◆ INPUT DATA

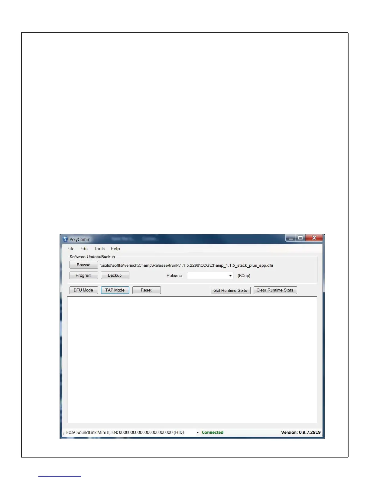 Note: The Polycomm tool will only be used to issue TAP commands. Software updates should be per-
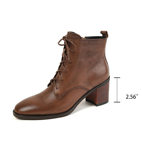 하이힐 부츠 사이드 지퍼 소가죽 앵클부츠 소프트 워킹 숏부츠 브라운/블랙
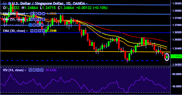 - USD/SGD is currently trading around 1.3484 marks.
==
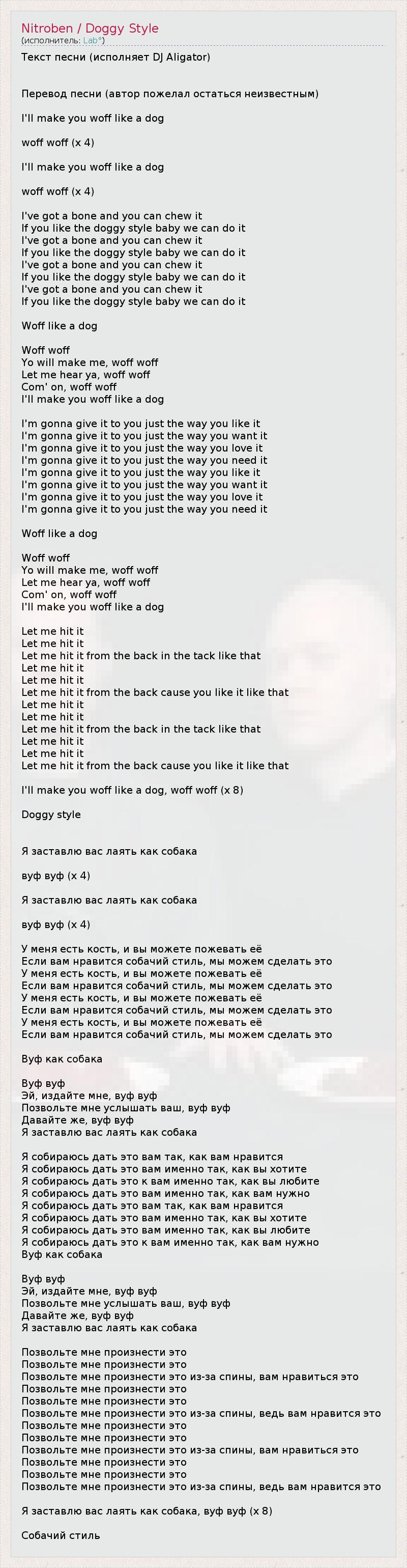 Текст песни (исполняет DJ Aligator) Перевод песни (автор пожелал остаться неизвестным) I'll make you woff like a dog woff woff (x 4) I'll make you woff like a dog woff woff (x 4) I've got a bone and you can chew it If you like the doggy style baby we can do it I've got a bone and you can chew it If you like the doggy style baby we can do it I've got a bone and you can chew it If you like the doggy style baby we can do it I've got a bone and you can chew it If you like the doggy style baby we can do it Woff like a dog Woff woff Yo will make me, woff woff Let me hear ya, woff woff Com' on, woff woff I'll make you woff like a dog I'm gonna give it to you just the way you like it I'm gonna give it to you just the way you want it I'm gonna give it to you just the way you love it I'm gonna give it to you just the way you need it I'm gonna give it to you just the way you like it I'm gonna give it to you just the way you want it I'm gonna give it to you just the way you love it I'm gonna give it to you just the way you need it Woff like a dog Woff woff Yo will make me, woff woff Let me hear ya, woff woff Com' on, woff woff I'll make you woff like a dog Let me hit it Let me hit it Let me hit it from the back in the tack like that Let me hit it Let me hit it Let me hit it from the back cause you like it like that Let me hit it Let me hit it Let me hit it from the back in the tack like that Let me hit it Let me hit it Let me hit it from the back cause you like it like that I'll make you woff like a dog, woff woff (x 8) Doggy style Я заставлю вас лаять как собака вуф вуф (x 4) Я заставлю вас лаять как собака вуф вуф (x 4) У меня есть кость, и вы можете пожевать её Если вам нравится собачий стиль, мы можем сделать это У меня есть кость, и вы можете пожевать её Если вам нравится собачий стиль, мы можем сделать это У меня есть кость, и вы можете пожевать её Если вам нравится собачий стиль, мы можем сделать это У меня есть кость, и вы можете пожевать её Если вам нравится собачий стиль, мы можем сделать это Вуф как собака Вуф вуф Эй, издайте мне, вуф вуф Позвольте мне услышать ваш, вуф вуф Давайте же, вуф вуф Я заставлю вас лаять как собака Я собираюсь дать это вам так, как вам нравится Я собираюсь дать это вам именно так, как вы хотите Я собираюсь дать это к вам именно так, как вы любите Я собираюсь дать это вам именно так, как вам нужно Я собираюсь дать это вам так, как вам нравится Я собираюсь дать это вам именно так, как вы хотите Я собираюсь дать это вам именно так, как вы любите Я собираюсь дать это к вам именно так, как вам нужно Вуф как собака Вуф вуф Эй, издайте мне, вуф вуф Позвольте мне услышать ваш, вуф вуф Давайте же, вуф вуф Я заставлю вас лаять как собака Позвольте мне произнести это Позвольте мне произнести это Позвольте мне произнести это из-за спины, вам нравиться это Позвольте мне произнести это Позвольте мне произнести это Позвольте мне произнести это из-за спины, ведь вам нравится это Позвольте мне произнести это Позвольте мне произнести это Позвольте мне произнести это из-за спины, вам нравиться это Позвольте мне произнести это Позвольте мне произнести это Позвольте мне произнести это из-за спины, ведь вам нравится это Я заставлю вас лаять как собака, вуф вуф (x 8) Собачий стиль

◆ TASK TO CARRY OUT
Respond with the exact lines above running from the one containing "Note: The Polycomm" to the one containing "- USD/SGD is", both ends kept and no pictures included.

◆ RESPONSE AREA
 Note: The Polycomm tool will only be used to issue TAP commands. Software updates should be per-
 하이힐 부츠 사이드 지퍼 소가죽 앵클부츠 소프트 워킹 숏부츠 브라운/블랙
 - USD/SGD is currently trading around 1.3484 marks.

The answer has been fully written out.